Los boletos se adquirían en una Agencia de Viajes, quienes entregaban algo parecido a un talonario de cheques, con origen y destino, ida y regreso, su correspondiente copia, en un coqueto sobre de plástico.
Se podía portar dos maletas y más de un bolso de mano. La atención a bordo era exquisita: vajilla de losa, vasos de vidrio, cubiertos metálicos, buena comida (y caliente) y una gran variedad de cosas para solicitar gratis como: caramelos, tragos, diarios, revistas, etcétera. Los niños podían, inclusive, visitar la cabina para sapear cómo se veía el mundo desde allí.
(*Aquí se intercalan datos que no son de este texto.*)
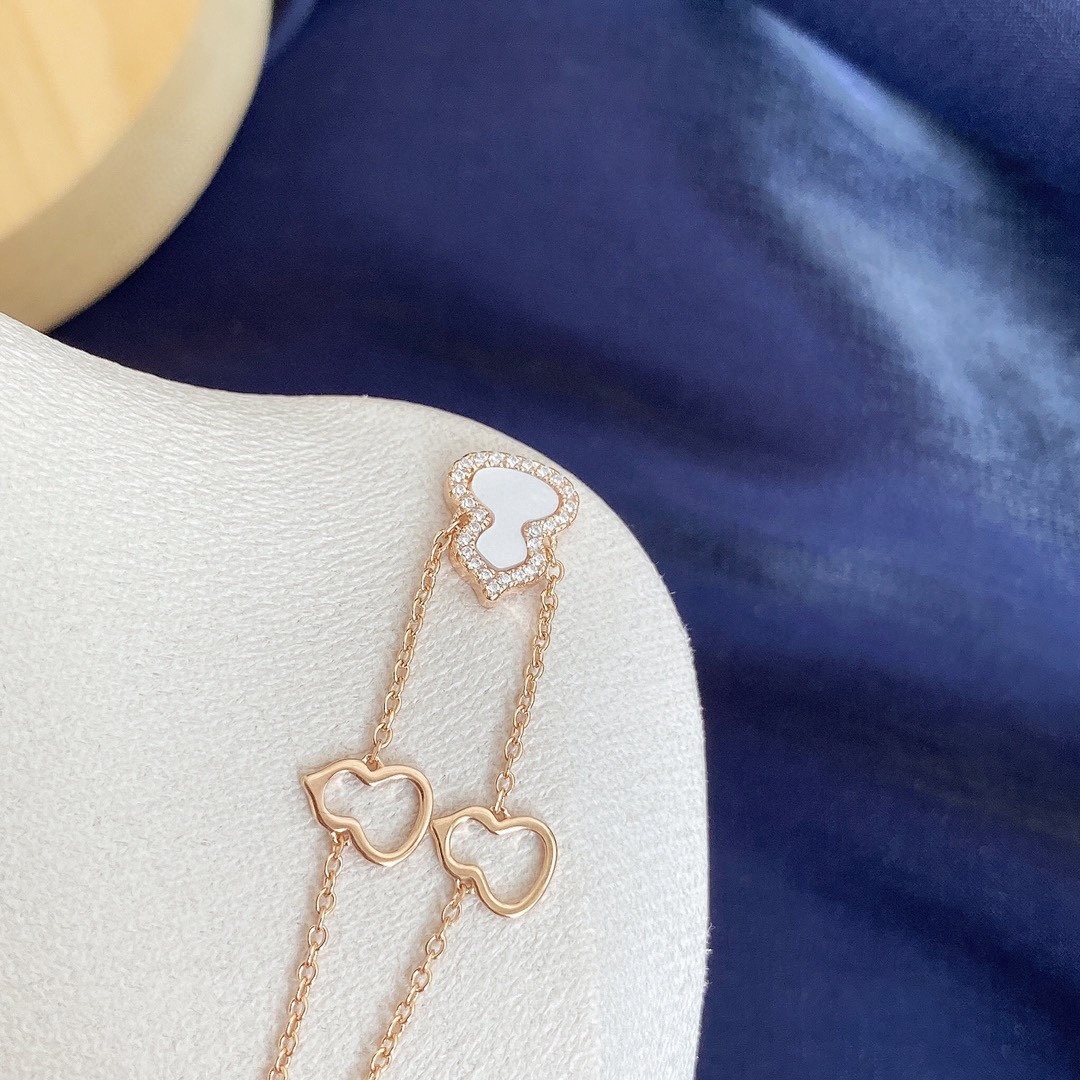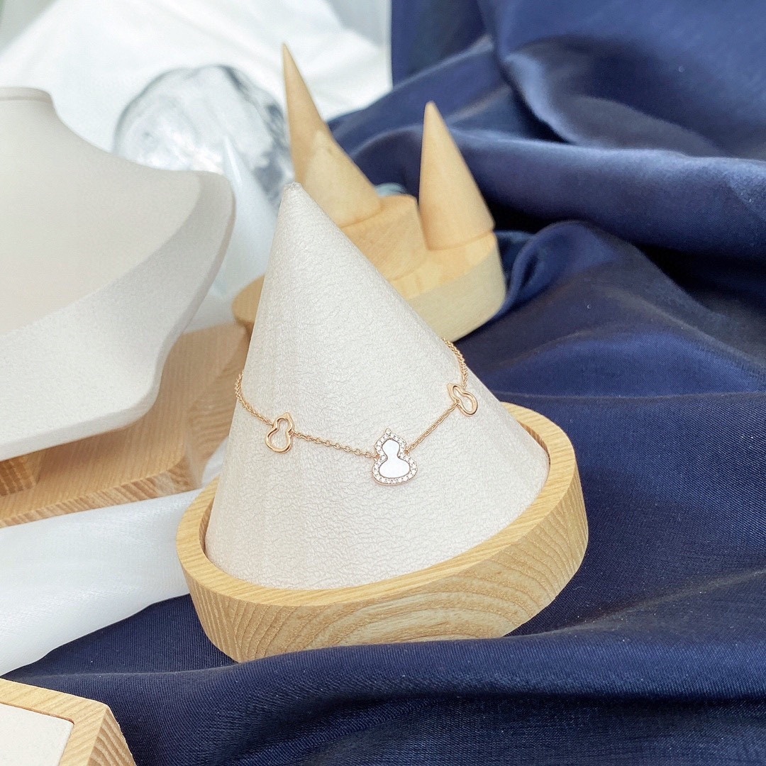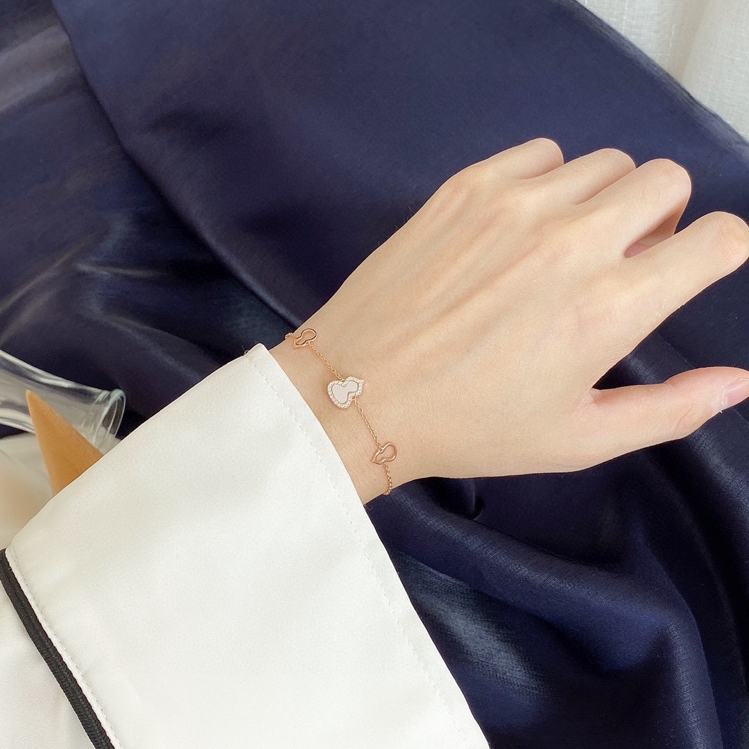 The Wulu bracelet features the iconic gourd-shaped charm, a symbol of endless good fortune in Chinese culture. The delicate rose gold chain complements the charm, creating a harmonious balance of sophistication and charm. The bracelet is available in two variations: one featuring a lustrous mother-of-pearl Wulu charm, and the other showcasing a vibrant green jade Wulu charm.

Todos, pasajeros y sobrecargos, sonreían como en una fiesta de cumpleaños. Volar estaba lleno de glamour. Oui la la.
En las últimas décadas, subirse a un pájaro metálico es como tomar un micro con alas.
El asunto se popularizó tanto que ahora tenemos vuelos hasta para la quebrada del ají, con precios desde veintinueve mil novecientos noventa.
Los fabricantes han diseñado aviones en los que se trata de aprovechar el espacio al máximo, con el fin de embutir, en clase económica, la mayor cantidad posible de resignados pasajeros. La comodidad de antaño se convirtió en una comprimida lata de sardinas.
Ahora, el boleto es electrónico, se compra por Internet y se paga con tarjeta, (sale un diez por ciento más económico). Se hace el check-in desde la casa o en las máquinas del Aeropuerto, al que debes llegar, como mínimo, con dos horas de anticipación.
Se permite sólo una maleta, que no debe pesar más de 23 Kg., y un bolso de mano que no sobrepase los 8 Kg.
Las medidas de seguridad siempre estuvieron presentes, pero, luego de innumerables secuestros, la detención de narcotraficantes y del atentado a las Torres Gemelas, volar no sería nunca lo mismo.
(Y se exageró, espantosamente, el criterio de seguridad, como siempre hacemos luego de un hecho trágico o una situación límite: cuando nos gobernaban los militares, si decías, en cualquier parte, la palabra “justicia”, te fichaban como marxista-leninista, poniendo en riesgo la seguridad interior del Estado y te mandaban relegado a una isla. Hoy, si en un aeropuerto, se te ocurre balbucear, nada más, la palabra “bomba”, te sacan cascando, te meten preso y apareces en los diarios como pariente de un Euskadi miembro activo de la ETA)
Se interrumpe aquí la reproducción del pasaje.